Suppose $f$ is a real-valued (possibly infinite-valued) function on some measure space $(X, \Sigma, \mu)$, and suppose that it is measurable. Note that $f$ is not necessarily nonnegative.

Does it make sense to talk about $\int \limits_{X} f(x) \,d\mu$ if $f \not \in L^{1}(d\mu)$ (i.e., $\int \limits_{X} |f| \,d\mu \not < \infty$)?

If this is true, I think this is a very subtle point. I was always under the impression that any measurable function can be integrated, but now I doubt that this is true if the function is not nonnegative.

Answer 1

One can define a meaningful integral as

$$ \int f \, d\mu = \int f_+ \, d\mu - \int f_- \, d\mu, $$

As long as at least one of the two integrals on the right hand side is finite.

Here, $f_+ (x) = \max \{0, f(x)\}$ is the positive part of $f$ and the negative part is defined analogously.

Answer 2

This question is basically answered in comments, but one could remark that there are ways to extend the integral beyond "quasi-integrable" functions (those for which at least one of $f_+$ or $f_-$ has finite integral). Namely, improper integrals give a way to do this.

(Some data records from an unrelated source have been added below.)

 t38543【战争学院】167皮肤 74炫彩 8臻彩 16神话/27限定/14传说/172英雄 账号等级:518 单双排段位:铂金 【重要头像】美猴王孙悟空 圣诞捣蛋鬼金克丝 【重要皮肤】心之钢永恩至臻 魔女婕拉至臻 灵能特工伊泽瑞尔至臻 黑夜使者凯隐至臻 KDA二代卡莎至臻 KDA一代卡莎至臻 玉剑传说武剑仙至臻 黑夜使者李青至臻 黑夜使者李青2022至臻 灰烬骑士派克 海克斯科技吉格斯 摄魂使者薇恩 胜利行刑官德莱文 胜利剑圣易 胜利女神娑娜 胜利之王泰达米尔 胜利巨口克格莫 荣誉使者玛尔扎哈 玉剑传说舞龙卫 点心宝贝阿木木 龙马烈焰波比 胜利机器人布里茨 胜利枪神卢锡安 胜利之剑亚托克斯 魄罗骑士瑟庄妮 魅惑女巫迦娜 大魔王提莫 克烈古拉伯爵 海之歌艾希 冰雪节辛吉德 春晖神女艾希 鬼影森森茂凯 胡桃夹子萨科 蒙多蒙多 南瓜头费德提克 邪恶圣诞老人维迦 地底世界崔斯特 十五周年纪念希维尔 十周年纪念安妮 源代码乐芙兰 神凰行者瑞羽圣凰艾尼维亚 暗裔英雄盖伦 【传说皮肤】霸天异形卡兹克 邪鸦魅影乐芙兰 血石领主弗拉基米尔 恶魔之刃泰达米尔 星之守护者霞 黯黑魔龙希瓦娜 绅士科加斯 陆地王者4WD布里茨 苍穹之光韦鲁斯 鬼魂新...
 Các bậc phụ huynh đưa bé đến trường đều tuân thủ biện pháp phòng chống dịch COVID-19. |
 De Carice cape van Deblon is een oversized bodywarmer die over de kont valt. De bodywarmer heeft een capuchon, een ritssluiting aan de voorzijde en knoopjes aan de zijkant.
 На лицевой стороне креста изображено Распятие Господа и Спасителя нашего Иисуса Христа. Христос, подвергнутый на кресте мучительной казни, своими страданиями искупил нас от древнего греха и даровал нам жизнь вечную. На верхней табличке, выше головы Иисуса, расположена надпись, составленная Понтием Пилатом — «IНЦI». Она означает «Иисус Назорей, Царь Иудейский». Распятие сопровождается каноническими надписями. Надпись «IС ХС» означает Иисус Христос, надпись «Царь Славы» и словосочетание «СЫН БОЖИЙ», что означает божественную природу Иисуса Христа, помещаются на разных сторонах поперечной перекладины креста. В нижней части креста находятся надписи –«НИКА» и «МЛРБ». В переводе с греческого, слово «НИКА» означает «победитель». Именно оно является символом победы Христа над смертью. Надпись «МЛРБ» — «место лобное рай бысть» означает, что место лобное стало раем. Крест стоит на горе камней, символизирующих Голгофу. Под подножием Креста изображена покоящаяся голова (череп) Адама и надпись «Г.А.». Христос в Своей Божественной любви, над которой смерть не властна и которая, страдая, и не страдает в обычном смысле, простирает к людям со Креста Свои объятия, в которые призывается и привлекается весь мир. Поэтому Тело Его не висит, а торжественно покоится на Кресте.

Suppose that we write our measure space $X$ as the increasing union of subsets $A_n$, often assumed to be of finite measure. Then we can consider $$\lim_{n \to \infty} \int_{A_n} f d\mu,$$ and if this exists, call it the improper integral of $f$.

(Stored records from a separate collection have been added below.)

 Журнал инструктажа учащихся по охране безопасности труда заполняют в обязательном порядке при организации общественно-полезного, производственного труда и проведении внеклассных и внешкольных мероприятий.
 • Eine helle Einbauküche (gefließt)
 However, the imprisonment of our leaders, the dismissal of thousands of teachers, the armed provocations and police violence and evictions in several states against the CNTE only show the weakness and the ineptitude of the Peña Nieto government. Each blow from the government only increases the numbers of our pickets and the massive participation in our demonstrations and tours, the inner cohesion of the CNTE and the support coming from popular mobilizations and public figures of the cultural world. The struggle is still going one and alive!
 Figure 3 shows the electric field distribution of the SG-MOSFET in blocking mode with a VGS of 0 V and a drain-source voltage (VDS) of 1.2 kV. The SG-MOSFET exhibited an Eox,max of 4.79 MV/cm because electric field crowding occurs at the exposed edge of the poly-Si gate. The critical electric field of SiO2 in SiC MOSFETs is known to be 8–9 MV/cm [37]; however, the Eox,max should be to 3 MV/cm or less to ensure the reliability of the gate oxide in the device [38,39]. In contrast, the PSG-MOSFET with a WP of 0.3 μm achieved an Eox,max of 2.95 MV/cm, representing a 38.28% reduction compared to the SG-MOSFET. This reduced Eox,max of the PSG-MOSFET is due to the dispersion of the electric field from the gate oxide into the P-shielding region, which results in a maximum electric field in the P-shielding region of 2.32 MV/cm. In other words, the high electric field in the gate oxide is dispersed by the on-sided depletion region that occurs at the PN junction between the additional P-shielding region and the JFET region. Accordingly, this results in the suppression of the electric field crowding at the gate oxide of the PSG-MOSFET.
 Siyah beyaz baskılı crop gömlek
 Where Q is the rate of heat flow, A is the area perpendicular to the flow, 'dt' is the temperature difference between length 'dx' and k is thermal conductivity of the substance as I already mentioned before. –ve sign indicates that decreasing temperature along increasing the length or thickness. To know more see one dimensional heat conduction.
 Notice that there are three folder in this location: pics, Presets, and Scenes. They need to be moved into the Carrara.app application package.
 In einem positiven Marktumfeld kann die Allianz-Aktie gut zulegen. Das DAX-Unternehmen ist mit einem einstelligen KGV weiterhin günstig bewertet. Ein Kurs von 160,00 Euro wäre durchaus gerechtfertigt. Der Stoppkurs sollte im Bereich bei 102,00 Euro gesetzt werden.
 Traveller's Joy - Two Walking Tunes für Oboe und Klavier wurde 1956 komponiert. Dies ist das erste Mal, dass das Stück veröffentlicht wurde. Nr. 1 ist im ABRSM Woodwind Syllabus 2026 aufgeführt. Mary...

A common case is when $X = [0,\infty)$ and $A_n = [0,n].$ Another possibility (I think called the Cauchy principal value) is $X = [-1,1]$ (or some other interval containing the origin) and $A_n = [-1,-1/n] \cup [1/n,1]$ (whose union is not quite all of $X$ --- their union is $X \setminus \{0\}$ --- but has full measure in $X$).

The theory of improper integrals is like the theory of conditionally convergent series --- it relies on cancellations to obtain a well-defined limit when the function is not absolutely integrable. Of course not all functions have a well-defined improper integral either. And in general the improper integral can depend on the choice of sets $A_n$.